Required action: All the lines below need to be output exactly, apart from any images.

Recorded information:

+-------+

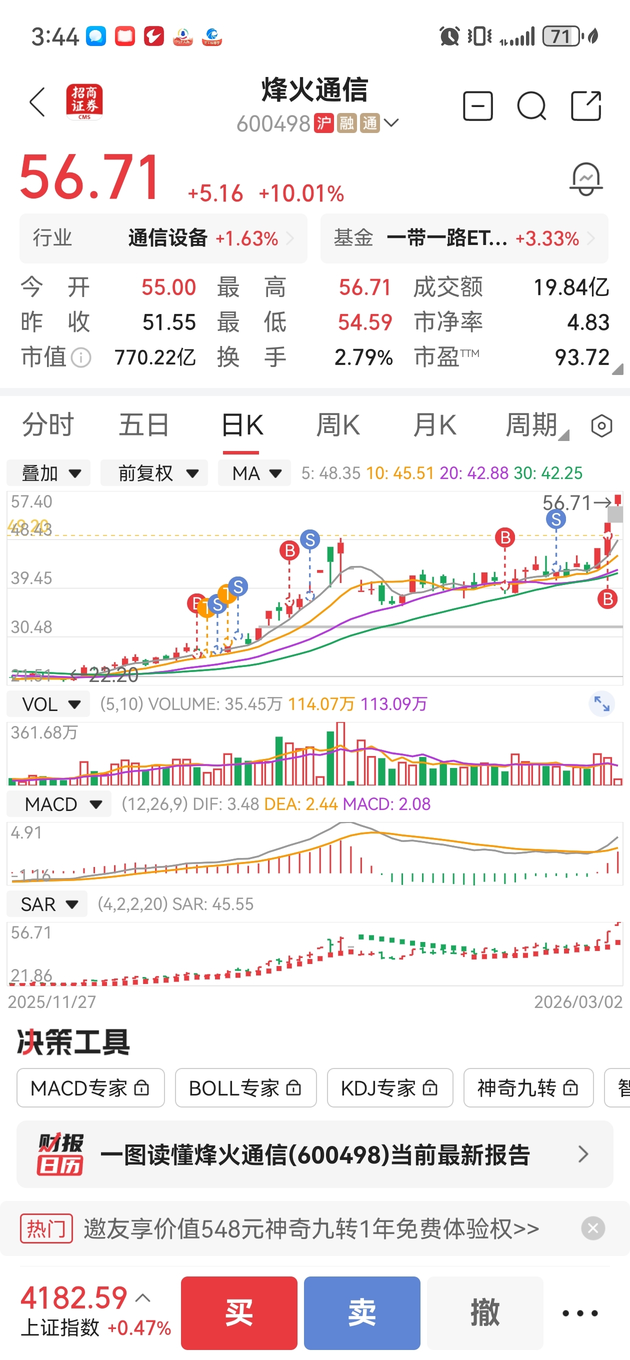 $烽火通信(SH600498)$ 不说了。缩量涨停,感觉还有希望。看看明天吧。
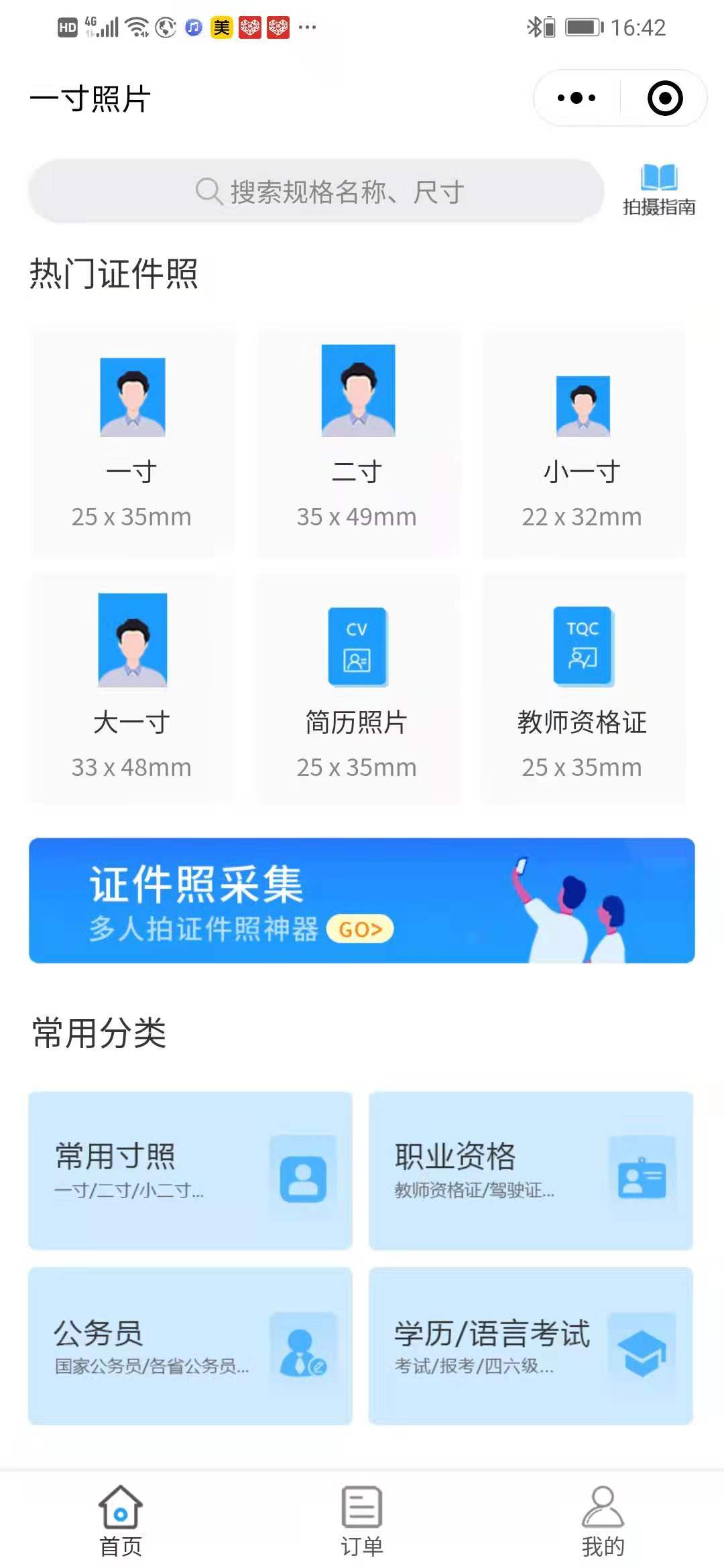 - 在微信中搜索“一寸照片”即可进入小程序
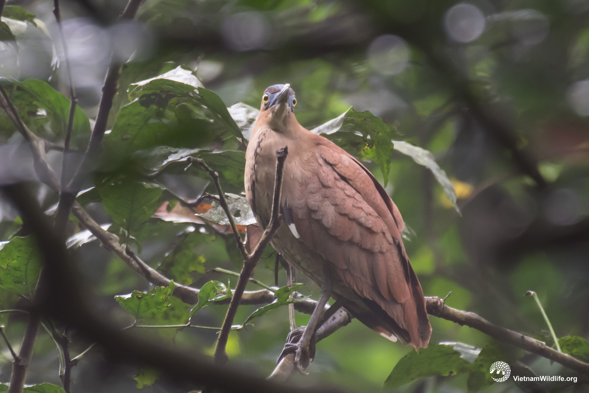 Malayan night-heron is a medium species in the heron group (about 50 cm). Adult has a distinctive deep rufous plumage with yellow eyering, blackish crown and long crest, blue to greenish-blue facial skin and greenish legs and feet. Male and female are similar
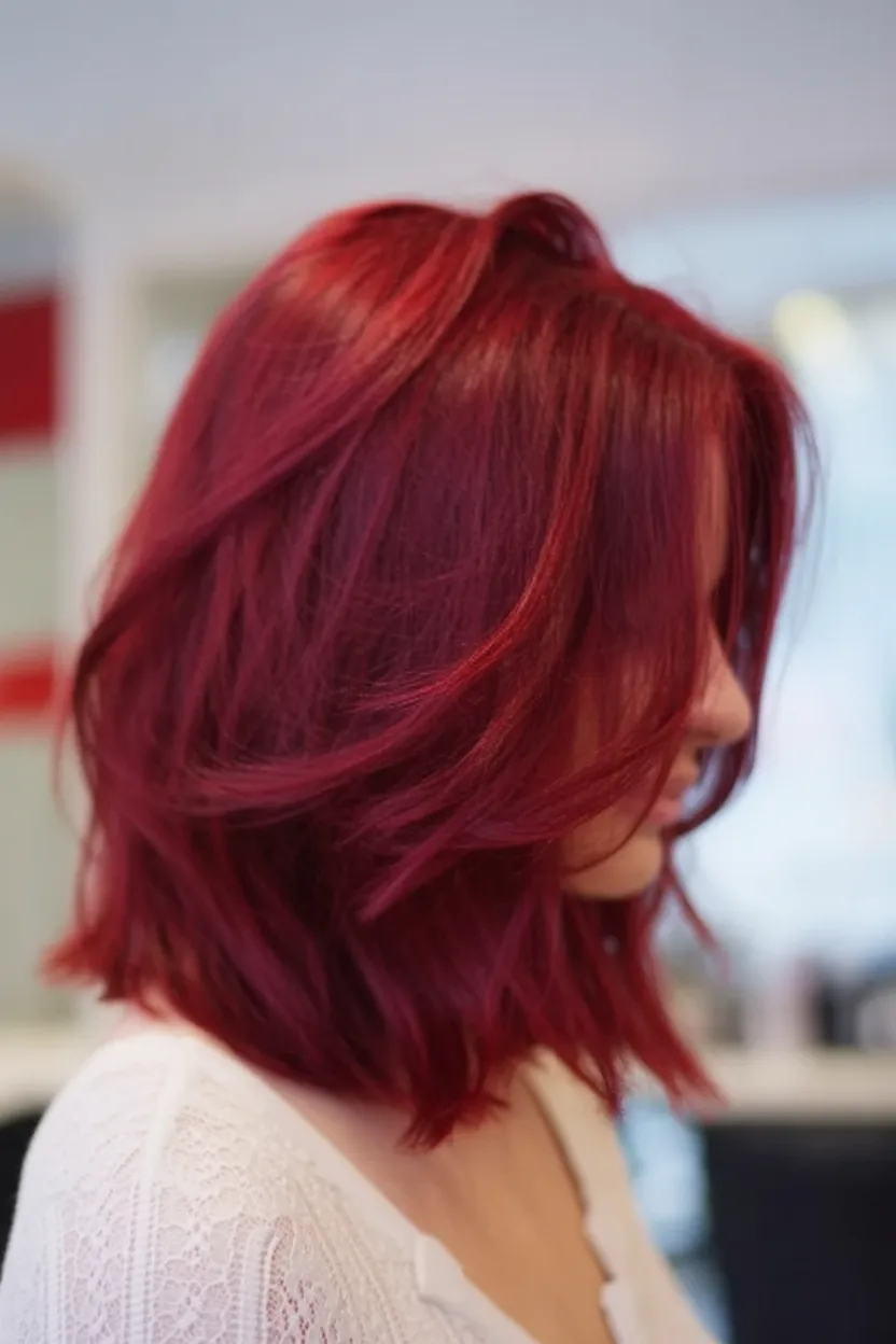 This is the kind of red that feels like a little secret you’re keeping—rich, glossy, and quietly dramatic. It doesn’t scream; it just glows when the light hits, like you’re wearing confidence instead of hair color. The vibe is polished but not precious, the kind of shade that makes even a plain black top look intentional and a little luxe.

+-------+

Expected answer:
 $烽火通信(SH600498)$ 不说了。缩量涨停,感觉还有希望。看看明天吧。
 - 在微信中搜索“一寸照片”即可进入小程序
 Malayan night-heron is a medium species in the heron group (about 50 cm). Adult has a distinctive deep rufous plumage with yellow eyering, blackish crown and long crest, blue to greenish-blue facial skin and greenish legs and feet. Male and female are similar
 This is the kind of red that feels like a little secret you’re keeping—rich, glossy, and quietly dramatic. It doesn’t scream; it just glows when the light hits, like you’re wearing confidence instead of hair color. The vibe is polished but not precious, the kind of shade that makes even a plain black top look intentional and a little luxe.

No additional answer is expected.